タイトル("Does Monopoly Slow Down the Bullet Train?")にあるように、競争の度合いによって新幹線の速さが変わるのかを定量的に分析しています。ざっくり言うと、1987年に日本国有鉄道(国鉄)の民営化が開始されました。これによって、本州(東京ー大阪間)の高速鉄道と在来線はJR東日本・東海・西日本に分割されることになります。

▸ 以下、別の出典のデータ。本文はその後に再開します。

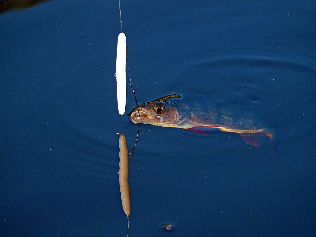 Diese Köder sehen extrem unscheinbar aus, werden aber am Offset-Haken zu wahren Barschfängern. Der Grund: Im Absinken locken diese Köder durch Mikro-Vibrationen, die das Seitenlinienorgan der Fische ansprechen. Außerdem sind die Original-Wormsticks, zum Beispiel die Senkos der Firma Yamamoto, mit einem Lockstoff versehen, dem die Barsche nicht widerstehen können. Wenn man beim Angeln mit Wormsticks also zu lange wartet, haben die Fische den Köder oft komplett geschluckt. Wormsticks lassen sich auf unterschiedliche Art anködern. Entweder fischt man sie in flachem Wasser am Splitshot-Rig, indem man einfach ein kleines Bleischrot 30 Zentimeter vorm Haken aufs Fluorocarbonvorfach klemmt. Oder man bietet sie im Wacky-Stil an. Dazu zieht man einfach einen Wacky-Haken mittig durch den Wurm, sodass die beiden Enden herabhängen. Vor allem im flachen Gewässern bis maximal 5 Meter Tiefe lassen sich diese Barschköder einsetzen. Wormsticks gibt es in allen nur erdenklichen Farben. Bei mir haben sich vor allem die Farben Weiß, Braun und Rosa bewährt. Welche Farbe in einem bestimmten Gewässer fängt, muss man ausprobieren.

ご存じのように、在来線は熱海より東はJR東日本が、熱海ー米原間はJR東海が、そして米原より西はJR西日本が管轄していますが、運行上の理由から東海道新幹線は分割されずにJR東海が一社で管轄しています。新幹線と在来線は並行する形で運行しているわけですが(新幹線駅と在来線駅が一緒にないところも幾つかあります)、両者の運行会社が異なれば短・中距離では新幹線と在来線の競争が生まれることになります。逆に、一社で両方を管轄していれば、新幹線の客を在来線に奪われたとしても問題にはなりません。

論文では、この競争の程度の違いを利用して、競争が新幹線移動の価格(利用者の時間的費用)に与える影響を分析しています。分析結果は、(JR東海による新幹線・在来線の独占によって)競争が存在しない区間では、100kmの移動において約6分程度の時間的費用の増加が見られることを示しています。

二重差分法(DID)の共通トレンドの仮定を必要としない不均一トレンド・モデル(heterogenous time trend model)の推計などを含む様々な検証を経ても、この結果は頑健です。

高所得国・低所得国を問わず、これまで多くの公共サービスを提供する国有企業が民営化されてきました。自然独占の形態をとることが多い公共サービス部門の民営化においては、地域ごとに分割する地域間競争よりも同一地域内での競争を確保することがサービスの価格・質を高めるために重要であることが示唆されています。